Exercise objective.
Pictures found in the material must be left out, and every line returned as written.

Data shown.
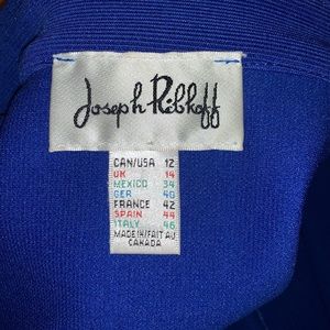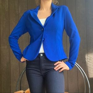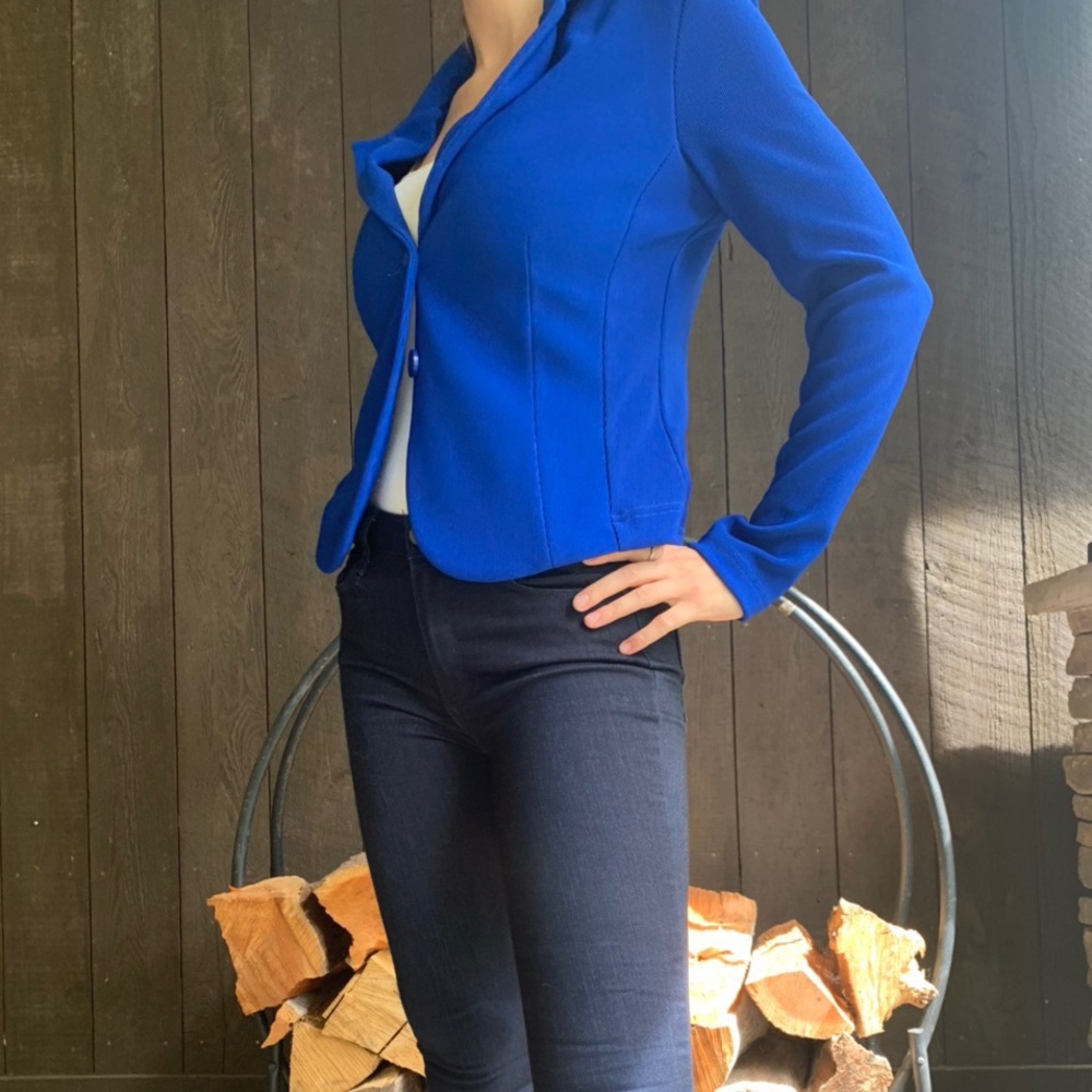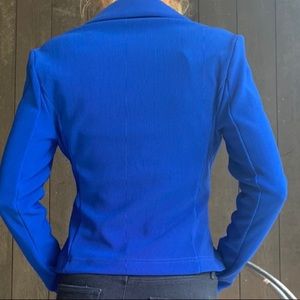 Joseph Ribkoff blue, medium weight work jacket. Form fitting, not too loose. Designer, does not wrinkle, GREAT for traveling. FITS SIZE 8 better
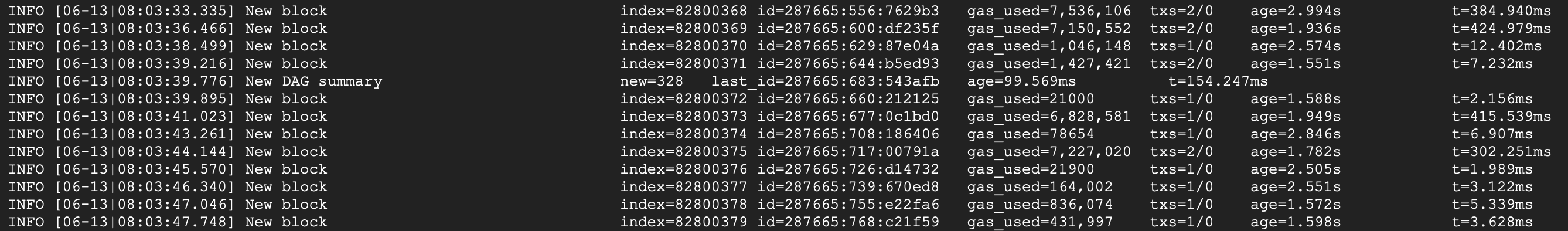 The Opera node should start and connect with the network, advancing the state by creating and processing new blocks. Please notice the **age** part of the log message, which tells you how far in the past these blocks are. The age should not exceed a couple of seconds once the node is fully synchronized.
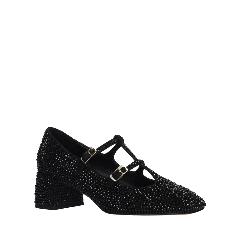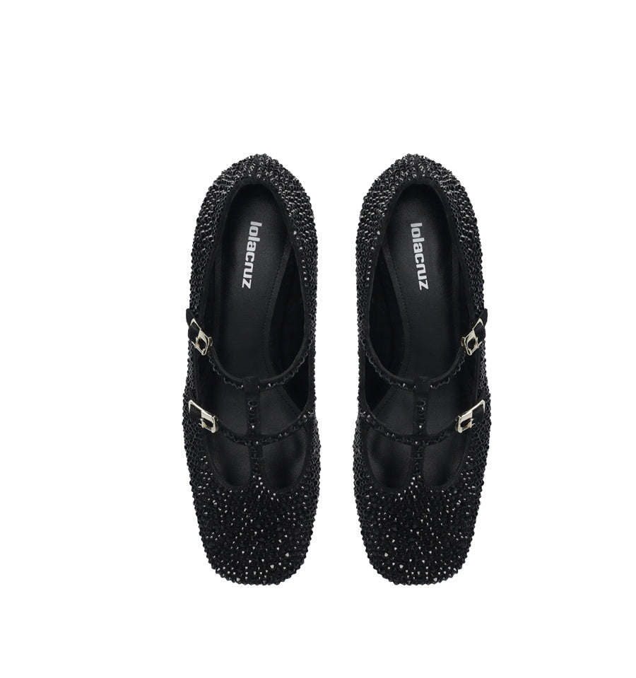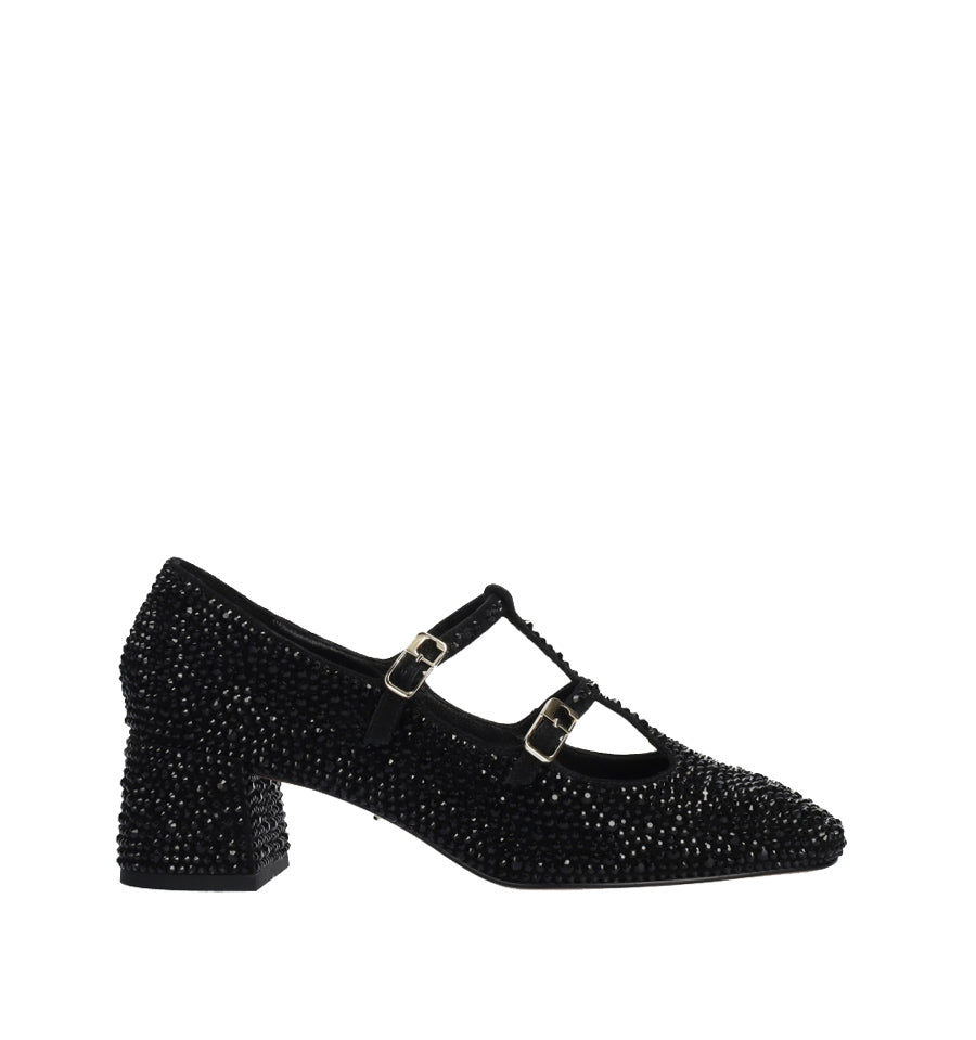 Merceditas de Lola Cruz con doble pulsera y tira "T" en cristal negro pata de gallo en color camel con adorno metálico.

Output of the task.
 Joseph Ribkoff blue, medium weight work jacket. Form fitting, not too loose. Designer, does not wrinkle, GREAT for traveling. FITS SIZE 8 better
 The Opera node should start and connect with the network, advancing the state by creating and processing new blocks. Please notice the **age** part of the log message, which tells you how far in the past these blocks are. The age should not exceed a couple of seconds once the node is fully synchronized.
 Merceditas de Lola Cruz con doble pulsera y tira "T" en cristal negro pata de gallo en color camel con adorno metálico.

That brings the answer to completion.